▶ _INFORMATION PROVIDED_:
##############################

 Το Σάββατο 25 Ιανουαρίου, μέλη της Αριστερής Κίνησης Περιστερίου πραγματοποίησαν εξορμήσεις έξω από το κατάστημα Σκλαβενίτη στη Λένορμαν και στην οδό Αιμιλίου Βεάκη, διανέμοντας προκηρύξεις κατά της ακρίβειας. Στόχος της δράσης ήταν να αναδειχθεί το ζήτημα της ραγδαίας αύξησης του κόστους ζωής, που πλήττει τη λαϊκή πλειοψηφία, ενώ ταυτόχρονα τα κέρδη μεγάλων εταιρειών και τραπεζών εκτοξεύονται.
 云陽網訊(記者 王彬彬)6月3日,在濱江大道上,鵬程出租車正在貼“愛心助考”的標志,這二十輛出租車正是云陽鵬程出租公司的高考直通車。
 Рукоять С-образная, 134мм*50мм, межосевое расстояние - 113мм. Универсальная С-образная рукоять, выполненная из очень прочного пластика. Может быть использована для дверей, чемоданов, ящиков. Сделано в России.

##############################

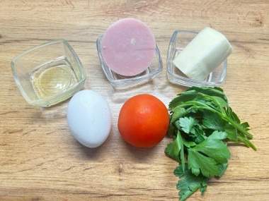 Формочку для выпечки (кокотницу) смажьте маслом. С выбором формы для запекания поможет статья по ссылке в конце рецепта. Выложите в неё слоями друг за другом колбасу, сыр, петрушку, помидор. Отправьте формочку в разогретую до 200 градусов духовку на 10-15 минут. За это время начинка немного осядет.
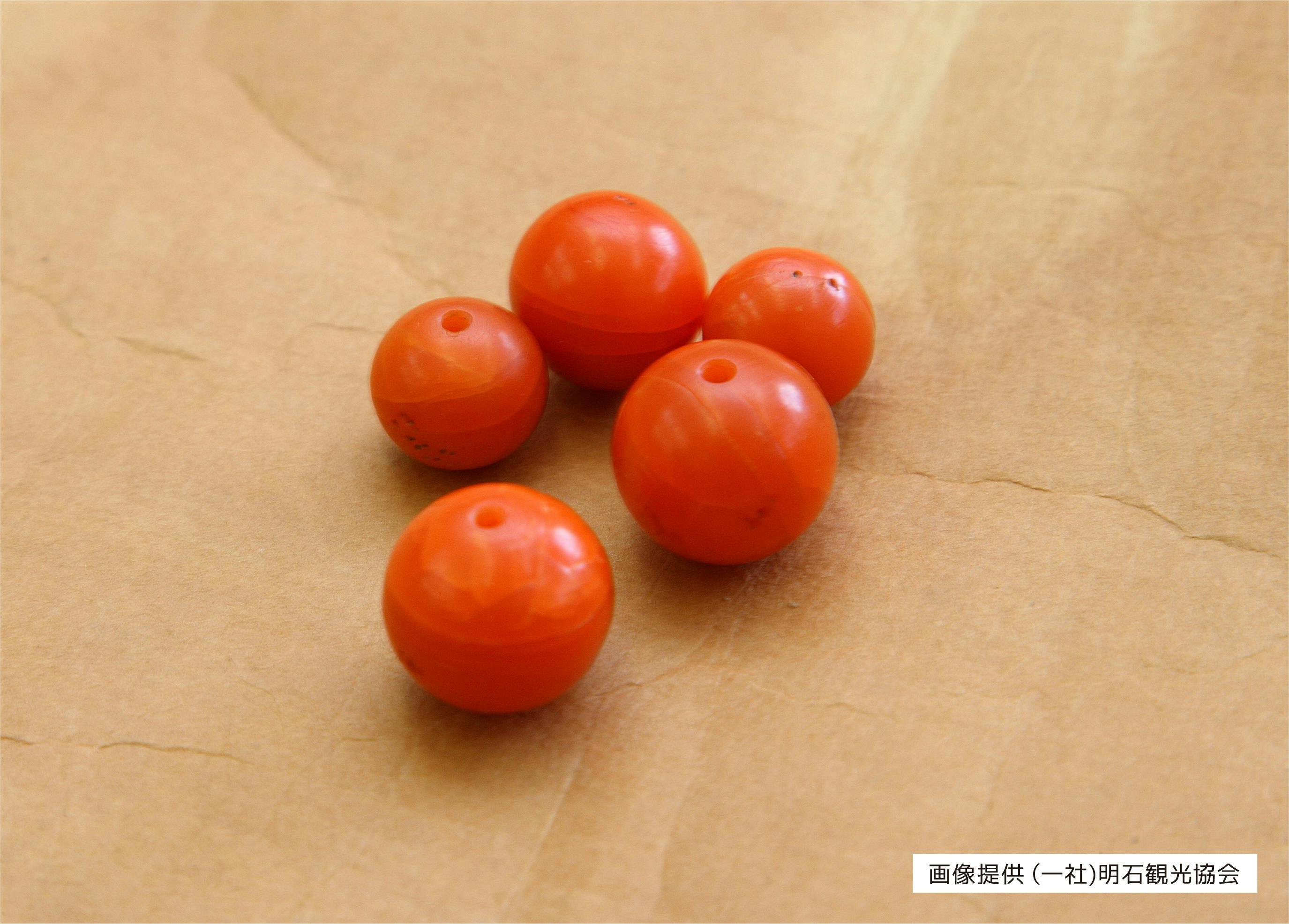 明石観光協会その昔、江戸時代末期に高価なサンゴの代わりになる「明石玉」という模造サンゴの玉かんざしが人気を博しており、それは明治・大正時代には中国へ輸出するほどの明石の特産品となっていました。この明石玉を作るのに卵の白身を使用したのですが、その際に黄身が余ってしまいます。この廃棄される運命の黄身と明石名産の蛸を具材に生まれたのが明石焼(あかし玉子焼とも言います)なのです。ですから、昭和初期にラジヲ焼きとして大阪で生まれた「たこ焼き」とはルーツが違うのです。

##############################

The entries above hold a line with "Το Σάββατο 25" and a later line with "Рукоять С-образная, 134мм*50мм, межосевое". Write out exactly those lines and all lines between, nothing more.

▶ _EXERCISE OUTPUT_:
 Το Σάββατο 25 Ιανουαρίου, μέλη της Αριστερής Κίνησης Περιστερίου πραγματοποίησαν εξορμήσεις έξω από το κατάστημα Σκλαβενίτη στη Λένορμαν και στην οδό Αιμιλίου Βεάκη, διανέμοντας προκηρύξεις κατά της ακρίβειας. Στόχος της δράσης ήταν να αναδειχθεί το ζήτημα της ραγδαίας αύξησης του κόστους ζωής, που πλήττει τη λαϊκή πλειοψηφία, ενώ ταυτόχρονα τα κέρδη μεγάλων εταιρειών και τραπεζών εκτοξεύονται.
 云陽網訊(記者 王彬彬)6月3日,在濱江大道上,鵬程出租車正在貼“愛心助考”的標志,這二十輛出租車正是云陽鵬程出租公司的高考直通車。
 Рукоять С-образная, 134мм*50мм, межосевое расстояние - 113мм. Универсальная С-образная рукоять, выполненная из очень прочного пластика. Может быть использована для дверей, чемоданов, ящиков. Сделано в России.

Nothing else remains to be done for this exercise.